In 1853, the weights of U.S. silver coins (except the dollar itself, which was rarely used) were reduced. This had the effect of placing the nation effectively (although not officially) on the gold standard. The retained weight in the dollar coin was a nod to bimetallism, although it had the effect of further driving the silver dollar coin from commerce. Foreign coins, including the Spanish dollar, were also widely used as legal tender, until 1857.
With the enactment of the National Banking Act of 1863—during the American Civil War—and its later versions that taxed states' bonds and currency out of existence, the dollar became the sole currency of the United States and remains so today.
During the 19th century the dollar was less accepted around the world than the British pound. Nellie Bly carried Bank of England notes on her 1889–1890 trip around the world in 72 days; she also brought some dollars, Bly wrote, "to use at different ports as a test to see if American money was known outside of America". Traveling east from New York, she did not see American money until she found $20 gold pieces used as jewelry in Colombo; there Bly found that as currency dollars were accepted at a 60% discount.
In 1878, the Bland–Allison Act was enacted to provide for freer coinage of silver. This act required the government to purchase between $2 million and $4 million worth of silver bullion each month at market prices and to coin it into silver dollars. This was, in effect, a subsidy for politically influential silver producers.
The discovery of large silver deposits in the Western United States in the late 19th century created a political controversy. Due to the large influx of silver, the intrinsic value of the silver in the nation's coinage dropped precipitously. On one side were agrarian interests such as the Greenback Party that wanted to retain the bimetallic standard in order to inflate the dollar, which would allow farmers to more easily repay their debts. On the other side were Eastern banking and commercial interests, who advocated sound money and a switch to the gold standard. This issue split the Democratic Party in 1896. It led to the famous Cross of Gold speech given by William Jennings Bryan, and may have inspired many of the themes in The Wizard of Oz. Despite the controversy, the status of silver was slowly diminished through a series of legislative changes from 1873 to 1900, when a gold standard was formally adopted. The gold standard survived, with several modifications, until 1971.
Gold standard
Note: all references to 'ounce' in this section are to the troy ounce as used for precious metals, rather than to the (smaller) avoirdupois ounce used in the United States customary units system for other goods.

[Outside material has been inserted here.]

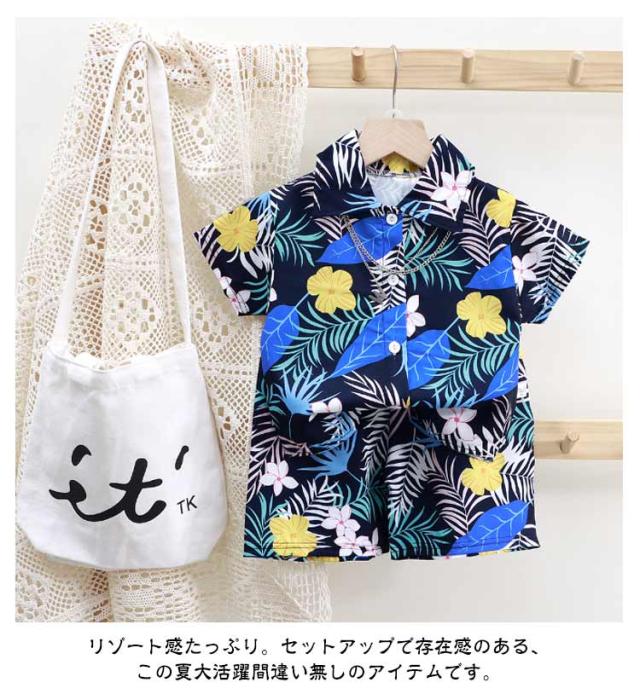 2点セット 女の子 ビーチ ショートパンツ 男の子 140 アロハシャツ 半袖シャツ セットアップ 子供服 キッズ ハーフパンツ 上下セット 子ども 全15色 ベビー服 ジュニア 春夏 リゾート 海 総柄 旅行 ギフト 80 90 100 110 120 130 全15色 150

Bimetallism persisted until March 14, 1900, with the passage of the Gold Standard Act, which provided that:
... the dollar consisting of twenty-five and eight-tenths grains of gold nine-tenths fine, as established by section thirty-five hundred and eleven of the Revised Statutes of the United States, shall be the standard unit of value, and all forms of money issued or coined by the United States shall be maintained at a parity of value with this standard ...

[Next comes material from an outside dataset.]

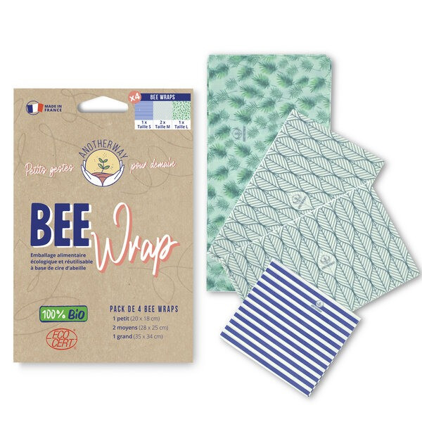 Emballez vos aliments avec du film alimentaire réutilisable à la cire d’abeille. Ce pack comprend trois formats différents, dont deux en taille M, pour recouvrir plusieurs tailles de contenants ou d’aliments.

Thus the United States moved to a gold standard, making both gold and silver the legal-tender coinage of the United States, and guaranteed the dollar as convertible to 25.8 grains (1.672 grams, 0.05375 troy ounces) of gold, or a little over $18.60 per ounce.
The gold standard was suspended twice during World War I, once fully and then for foreign exchange. At the onset of the war, U.S. corporations had large debts payable to European entities who began liquidating their debts in gold. With debts to Europe falling due, the dollar to (British) pound sterling exchange rate reached as high as $6.75:£1, far above the nominal (gold) parity of 4.8665:1. This caused large gold outflows until July 31, 1914, when the New York Stock Exchange closed and the gold standard was temporarily suspended. In order to defend the exchange rate of the dollar, the US Treasury Department authorized state and nationally chartered banks to issue emergency currency under the Aldrich-Vreeland Act, and the newly created Federal Reserve organized a fund to assure debts to foreign creditors. These efforts were largely successful, and the Aldrich-Vreeland notes were retired starting in November and the gold standard was restored when the New York Stock Exchange re-opened in December 1914.

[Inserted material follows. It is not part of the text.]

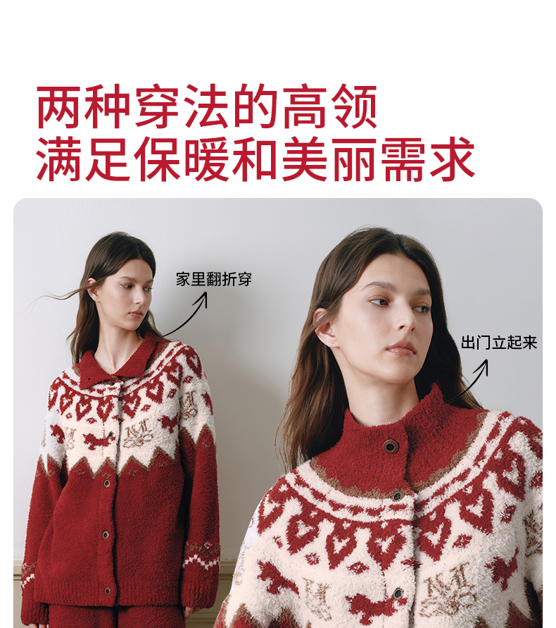 嫚熙秋冬牛油果半边绒月子服加绒产妇哺乳孕妇睡衣家居服

For as long as the United States remained neutral in the war, it remained the only country to maintain its gold standard, doing so without restriction on import or export of gold from 1915 to 1917. When the United States became a belligerent in the war, President Wilson banned gold export, thereby suspending the gold standard for foreign exchange. After the war, European countries slowly returned to their gold standards, though in somewhat altered form.
During the Great Depression, every major currency abandoned the gold standard. Among the earliest, the Bank of England abandoned the gold standard in 1931 as speculators demanded gold in exchange for currency notes or in settlement of debts, threatening the solvency of the British monetary system. This pattern repeated throughout Europe and North America. In the United States, the Federal Reserve was forced to raise interest rates in order to protect the gold standard for the US dollar, worsening already severe domestic economic pressures. After bank runs became more pronounced in early 1933, people began to hoard gold coins as distrust for banks led to distrust for paper money, worsening deflation and depleting gold reserves.
The Gold Reserve Act
In early 1933, in order to fight severe deflation, Congress and President Roosevelt implemented a series of Acts of Congress and Executive Orders which suspended the gold standard except for foreign exchange, revoked gold as universal legal tender for debts, and banned private ownership of significant amounts of gold coin. These acts included Executive Order 6073, the Emergency Banking Act, Executive Order 6102, Executive Order 6111, the Agricultural Adjustment Act, 1933 Banking Act, the gold clause resolution, and later the Gold Reserve Act. These actions were upheld by the U.S. Supreme Court in the "Gold Clause Cases" in 1935.
For foreign exchange purposes, the set $20.67 per ounce value of the dollar was lifted, allowing the dollar to float freely in foreign exchange markets with no set value in gold. This was terminated after one year. Roosevelt attempted first to restabilize falling prices with the Agricultural Adjustment Act; however, this did not prove popular, so instead the next politically popular option was to devalue the dollar on foreign exchange markets. Under the Gold Reserve Act the price of gold was fixed at $35 per ounce, making the dollar more attractive for foreign buyers (and making foreign currencies more expensive for those holding dollars). This change led to more conversion of gold into dollars, allowing the U.S. to effectively corner the world gold market.
The suspension of the gold standard was considered temporary by many in markets and in the government at the time, but restoring the standard was considered a low priority to dealing with other issues.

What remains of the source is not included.